After deployment is complete, click "Go to resource" to navigate to your new search service. We will need some information about your search service to fill in the "Azure Search variables" section in the SetupAzureCognitiveSearchService.ipynb notebook, which is in the AzureCognitiveSearchService directory. Open the notebook for details on how to do this and copy those values into the first code cell, but don't run the notebook yet (you will need to create an Azure storage account and update skillset.json first).
Next, you will need to create an Azure storage account and upload the COVID-19 data set. The data set can be downloaded from https://www.semanticscholar.org/cord19/download. There are two different sections to download: the metadata and document parses. Then, back on the Azure portal, you can create a new Azure storage account at https://portal.azure.com/#create/Microsoft.StorageAccount. Use the same subscription, resource group, and location that you did for the Azure search service. Choose your own unique storage account name (it must be lowercase letters and numbers only). You can change the replication to LRS. You can use the defaults for everything else, and then create the storage. Once it has been deployed, update the blob_connection_string variable in the SetupAzureCognitiveSearchService.ipynb notebook. Then create a container in your blob storage called "covid19". Inside of that container, create a folder called "json" and upload the document parses data there. Then create a folder called "metadata" in the same blob container, and upload the metadata.csv file to that folder. Finally, create another container in your blob storage account called "knowledgeStore". After you have created it, note down the connection string to that container for later.
Before running the notebook, you will also need to change the 4 TODOs in the skillset.json (which is also located in the AzureCognitiveSearchService folder). Open skillset.json, search for "TODO", and replace each instance with the following:
- Name concatenation custom skill URI: this value should be "https://" plus the value from the "Get Function Url" for the Concatenation function that you noted down earlier
- Invoke TA Health Extraction custom skill URI: this value should be "https://" plus the value from the "Get Function Url" for the InvokeHealthEntityExtraction function that you noted down earlier
- Cognitive Services key: create a new Cognitive Services key in the Azure portal using the same subscription, location, and resource group that you did for your Azure search service. Click "Create" and after the resource is ready, click it. Click "Keys and Endpoint" in the left-hand sidebar. Copy the Key 1 value into this TODO.

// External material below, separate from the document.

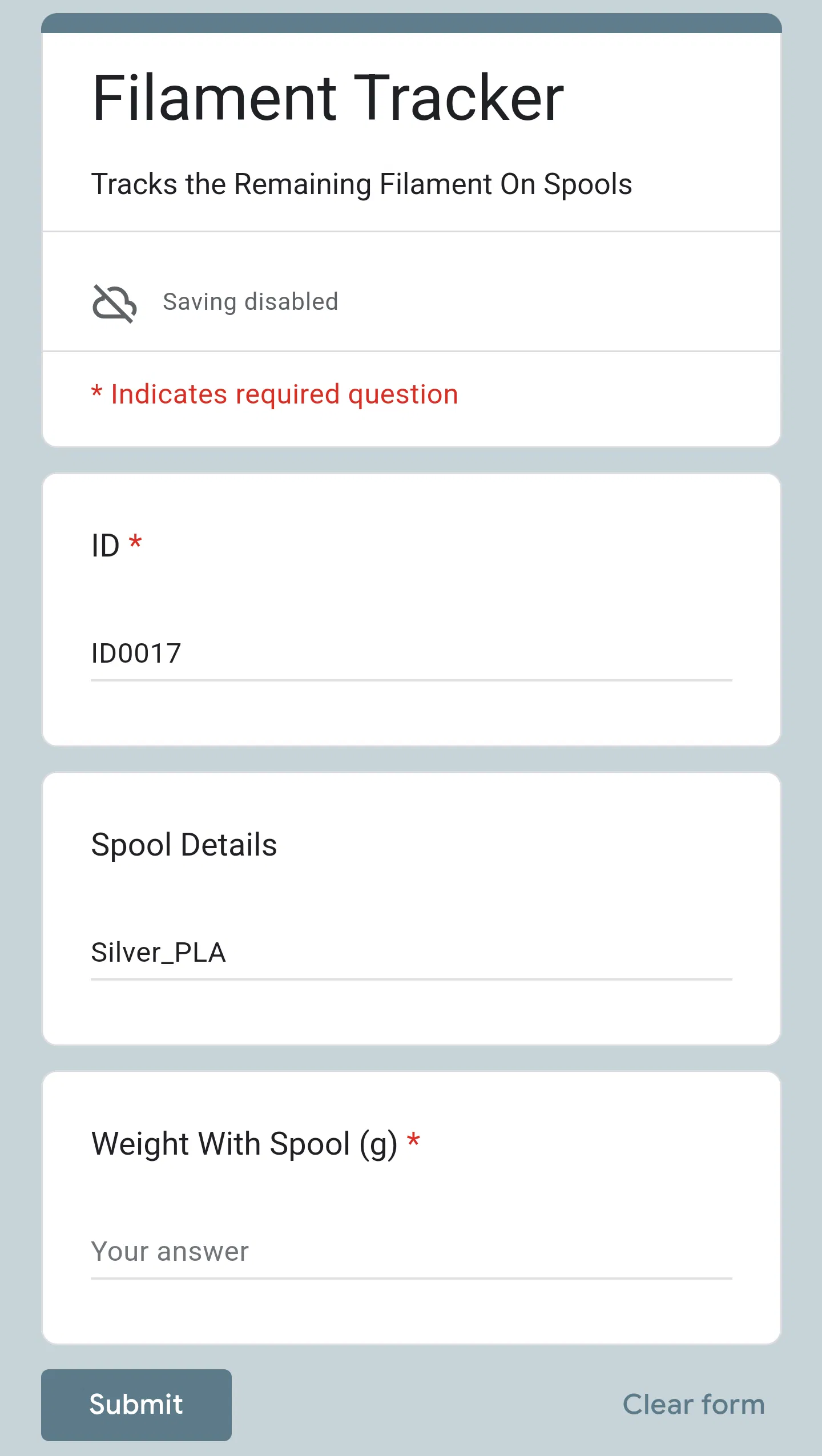 Khi quét mã QR của một cuộn chỉ, nó sẽ mở biểu mẫu và hiển thị cho tôi Số ID và thông tin cơ bản về cuộn chỉ, để tôi có thể xác nhận đúng cuộn chỉ. Sau đó, tôi cân cuộn chỉ (cả cuộn chỉ và nhựa), nhập trọng lượng vào biểu mẫu và gửi. Dữ liệu sẽ được cập nhật vào Bảng tính Google và nó sẽ lưu giữ hồ sơ, sử dụng giá trị mới nhất được cung cấp khi quét. Xem ảnh chụp màn hình ở đây về biểu mẫu và bảng tính để có ý tưởng về cách nó hoạt động.

- Knowledge Store connection string: use the value that you noted down earlier of the connection string to the knowledgeStore container in your Azure blob storage. It should be of the format "DefaultEndpointsProtocol=https;AccountName=YourValueHere;AccountKey=YourValueHere;EndpointSuffix=core.windows.net".
Finally, you are all set to go into the SetupAzureCognitiveSearchService.ipynb notebook and run it. This notebook will call REST endpoints on the search service that you have deployed in Azure to setup the search data sources, index, indexers, and skillset.